At a guest’s house, he would eat whatever a host served, not wanting to offend them. I reminded him of this. “But you should know better,” he said. He crossed his arms and sat down with no food in front of him.
I felt like a little kid getting scolded. I felt blamed for something I didn’t do intentionally. I no longer had an appetite. I cried—a lot. Later, he apologized, but I still cried—a lot. I felt like a crummy wife; I felt worthless, incapable, stupid, disrespected, unappreciated—a lot.

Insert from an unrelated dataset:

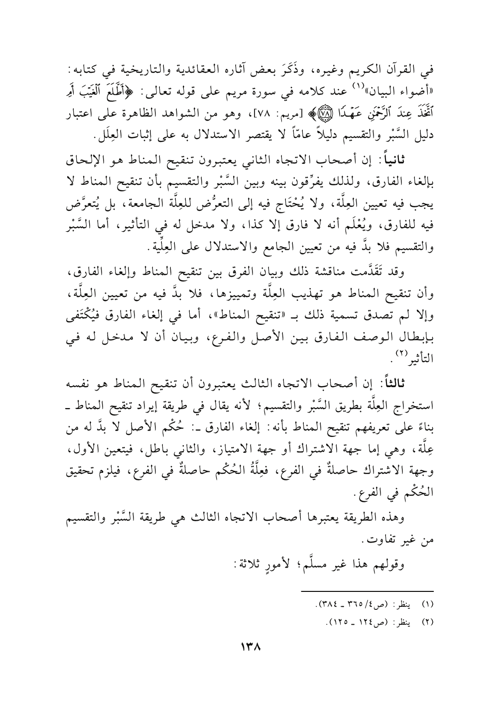 في القرآن الكريم وغيره، وذَكَرَ بعض آثاره العقائدية والتاريخية في كتابه: " أضواء البيان" (١) عند كلامه في سورة مريم على قوله تعالى: {أَطَّلَعَ الْغَيْبَ أَمِ اتَّخَذَ عِنْدَ الرَّحْمَنِ عَهْدًا (٧٨)} [مريم: ٧٨]، وهو من الشواهد الظاهرة على اعتبار دليل السَّبْر والتقسيم دليلاً عاماً لا يقتصر الاستدلال به على إثبات العِلَل.

But this morning, after he woke me up with lots of kisses, after I poured the coffee he makes for me—without fail—every single morning, after he held my chunky pug to my face so I could kiss him before he put him outside, after he slipped a pug Valentine card into my purse to surprise me—after some layers of ice had melted away from my heart with an elephant’s memory—I am bouncing back. Some hearts would have boomeranged before falling asleep, but accepting an apology before I’m fully ready doesn’t feel genuine, and I’d much rather accept genuinely than quickly.
Humans do silly things. Humans do crummy things. Humans do human things. But dang if that awful Celine Dion song isn’t right: the heart will go on. It just keeps going and going and going, controlled or uncontrolled, tamed or wild, sad or happy, forgiving or angry.
At thirty-five, I’m just now learning how to work the rudders on mine. It’s getting easier to pull it out of a dive before it crashes.
***
Sorry, Celine, but I just could not put you on the playlist this week. Why? Because you are not in my iTunes library—that’s why. And also because you don’t really belong with the like of Marty Balin and Janis Joplin. The universe has got to have some sort of order to it.
Source: youtube.com via Dan on Pinterest
“Hot Rod Hearts” – Robbie Dupree
“The Heart of the Matter” – Don Henley
“Heart With No Companion” – Leonard Cohen
“The Heart’s a Lonely Hunter” – Thievery Corporation & David Byrne
“Heartbreaker” – Dionne Warwick
“Hearts On Fire” – John Cafferty
“Only In Your Heart” – America
“Piece of My Heart” – Janis Joplin
“Walls” – Tom Petty & The Heartbreakers
“6th Avenue Heartache” – The Wallflowers
“Captain of Her Heart” – Double
***
Ah, the things we try to preserve. In “The Preservationist,” Mary Ellen Lives calls into question the permanence of people and places, the effort it takes to maintain a few elements of certainty when unpredictable variables render a life unrecognizable. What does it take for love to survive not only time, but the effects of time, illness, unexpected change? How predictable should love be?
The two amusing travelers in Douglas Milliken’s “Thieving In Foreign Countries” may not be lovers, but they are a couple, and there is visceral power in surviving something together. The nature of this flash is the question it brings up: how long can this sort of adventure last? The uncertainly is what makes this flash thrilling.
There are parts of Nels Hanson’s “Visitor” when I don’t know what the hell is going on, but I don’t care—much like falling in love. Hanson has control of this ride, so I trust him. When the speaker sees a vision, I see it too; when a telepathic doe lets loose inside a house, I’m not afraid. Dreaming love is powerful, and I’ve rarely seen it confronted with this much heart.